1. ## [SOLVED] Prove: if f(A) open subset of R the R is continuous

Let A be an open subset of $\displaystyle \Re$ and let $\displaystyle f: A \rightarrow \Re$ be an increasing function. Prove that if f(A) is an open subset of $\displaystyle \Re$ then f is continuous.

2. Originally Posted by Amanda1990
Let A be an open subset of $\displaystyle \Re$ and let $\displaystyle f: A \rightarrow \Re$ be an increasing function.
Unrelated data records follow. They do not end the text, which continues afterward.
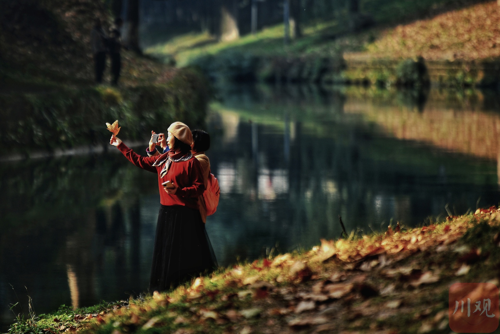四川在线记者在现场看到,沙河两岸梧桐树高大茂盛,金黄的叶片在阳光下泛着温暖的光泽,与清澈的河水、偶尔掠过的鹭鸟相映成趣,构成一幅生动的冬日画卷。不少市民手持相机或手机,或在树下捕捉斑驳光影,或手举落叶与景同框,欢快萦绕整片河岸。
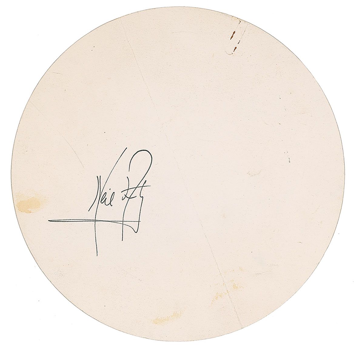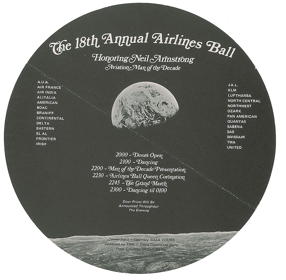 Circular one-sided cardstock program for the 18th Annual Airlines Ball held in October 1970 to honor Neil Armstrong as ‘Aviation Man of the Decade,’ measuring 8? in diameter, signed on the reverse in black felt tip by Armstrong. A noticeable central fold and a few small stains to reverse edges, otherwise fine condition.
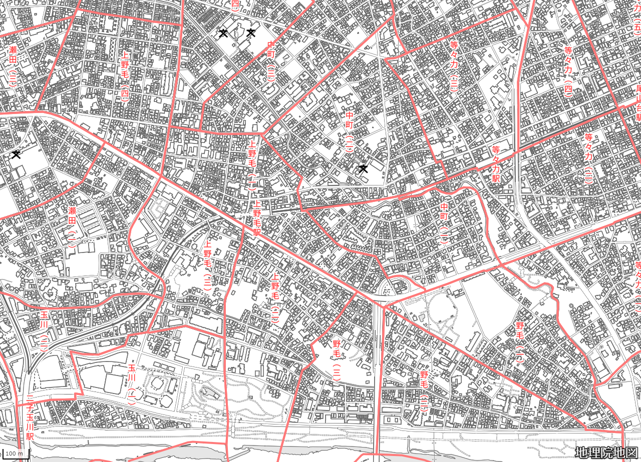 地図の内容は国土地理院が作成した時点の情報を反映しており、実際の現況とは異なる場合があります。現在は存在しない建物や道路、新たに整備された施設などが含まれることがありますので、あらかじめご了承ください。
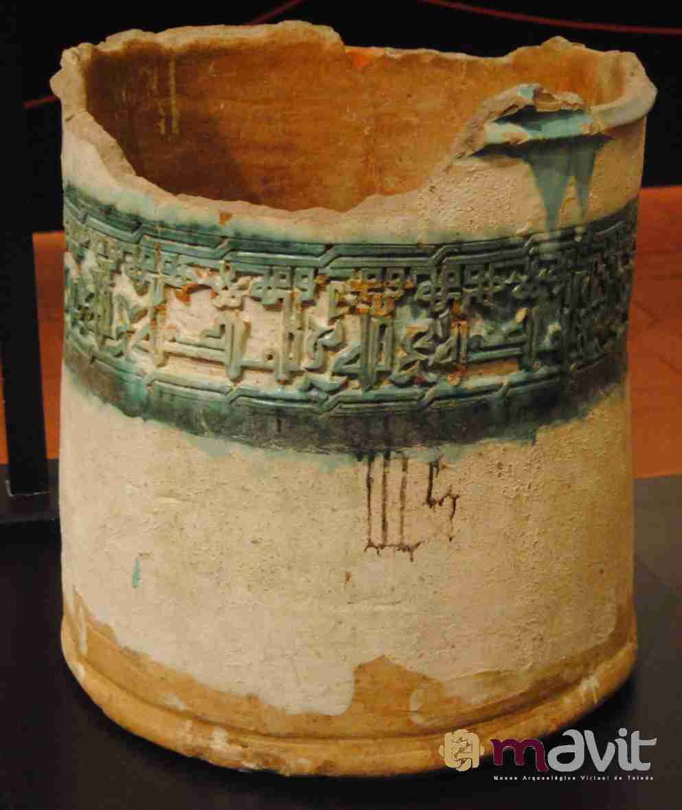 Objeto: Brocal de la calle San Ildefonso Contexto cultural: Cristiano Mudéjar Datación: Siglo XIV Material: Barro vidriado Procedencia: Calle san Ildefonso, Toledo Ubicación actual: Museo de Santa Cruz, Toledo Estado de visibilidad actual: Visible Dimensiones: 0,54 m de alto por 0,50 de diámetro |
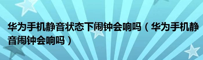 华为手机静音状态下闹钟会响吗(华为手机静音闹钟会响吗)
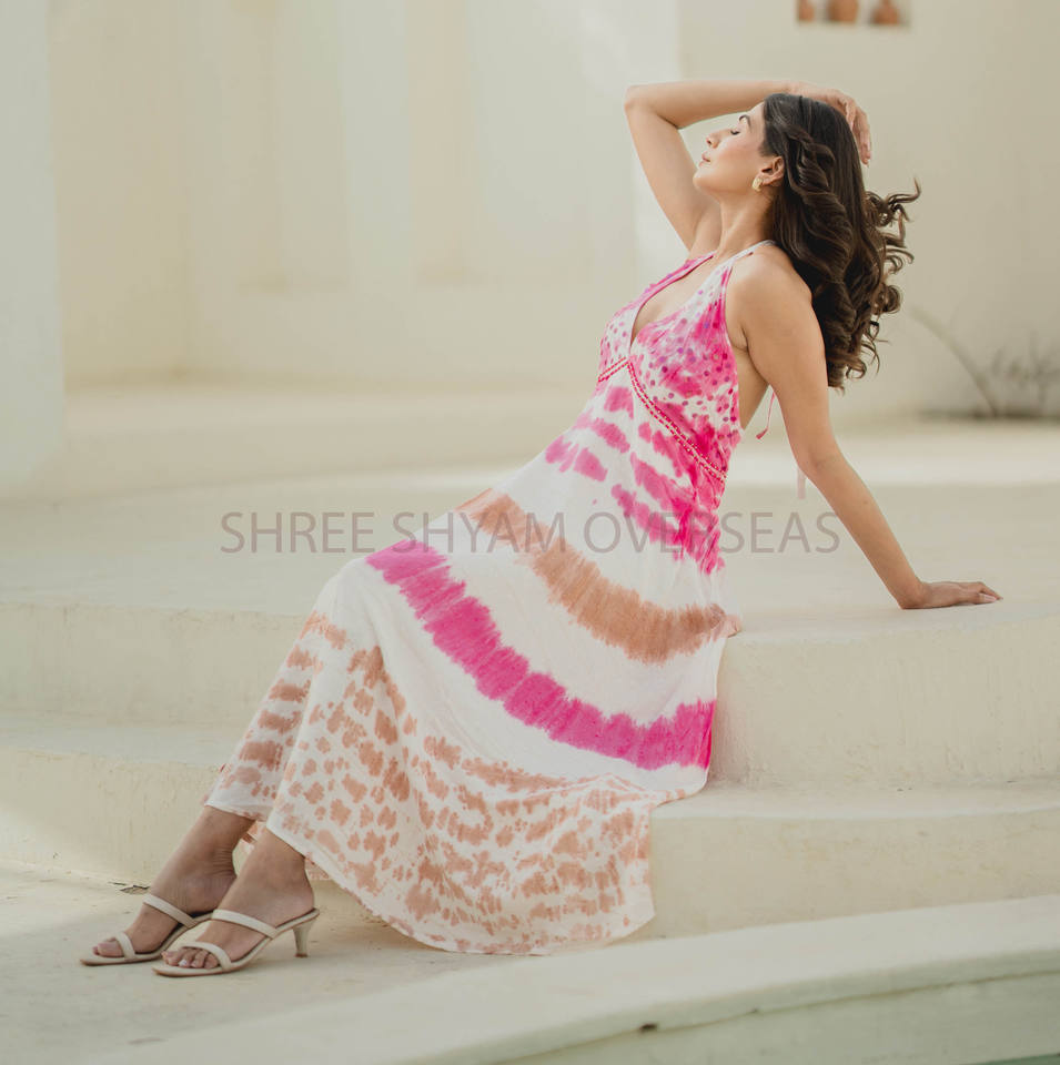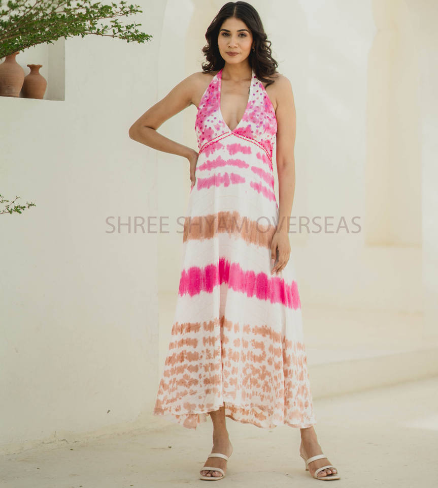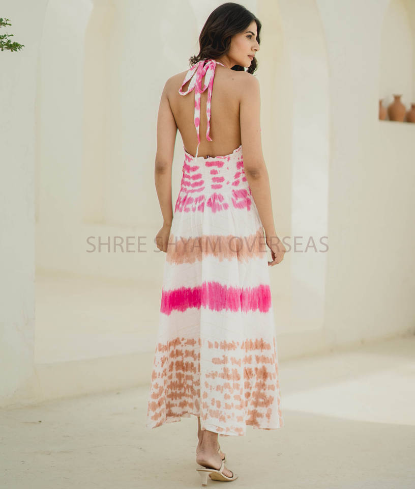 ชุดเดรสแขนกุดสำหรับผู้หญิงชุดเดรสแขนกุดเปิดหลังยาวคอเสื้อชายหาดย้อมสีแฟนซี

Prove that if f(A) is an open subset of $\displaystyle \Re$ then f is continuous.
Set $\displaystyle B=f(A)$, we are told that $\displaystyle A\text{ and }B$ are open subsets of $\displaystyle \mathbb{R}$.

Let $\displaystyle a\in A$, so $\displaystyle f(a) \in B$ but $\displaystyle B$ is open so there exists $\displaystyle r>0$ so that $\displaystyle (f(a)-r,f(a)+r) \subseteq B$. From here and on we will prove that the $\displaystyle \delta,\epsilon$ definition of continuity is satisfied for all $\displaystyle \epsilon < r$. Since $\displaystyle f(a) - \epsilon,f(a)+\epsilon \in B$ it means there exists $\displaystyle a_1\in A \text{ and }a_2\in A$ so that $\displaystyle f(a_1) = f(a) - \epsilon \text{ and }f(a_2) = f(a) + \epsilon$. Now if $\displaystyle a_1 < x < a_2 \implies f(a_1) < f(x) < f(a_2)$ and so $\displaystyle f(a) - \epsilon < f(x) < f(a) + \epsilon \implies |f(x) - f(a)| < \epsilon$. Certainly, $\displaystyle a_1 < a < a_2$, so the neighborhood $\displaystyle N = \{ x\in \mathbb{R} | a_1 < x < a_2 \}$ of $\displaystyle a$ gets mapped within $\displaystyle \epsilon$ of $\displaystyle f(a)$. Thus, $\displaystyle f$ is continous at any point $\displaystyle a\in A$.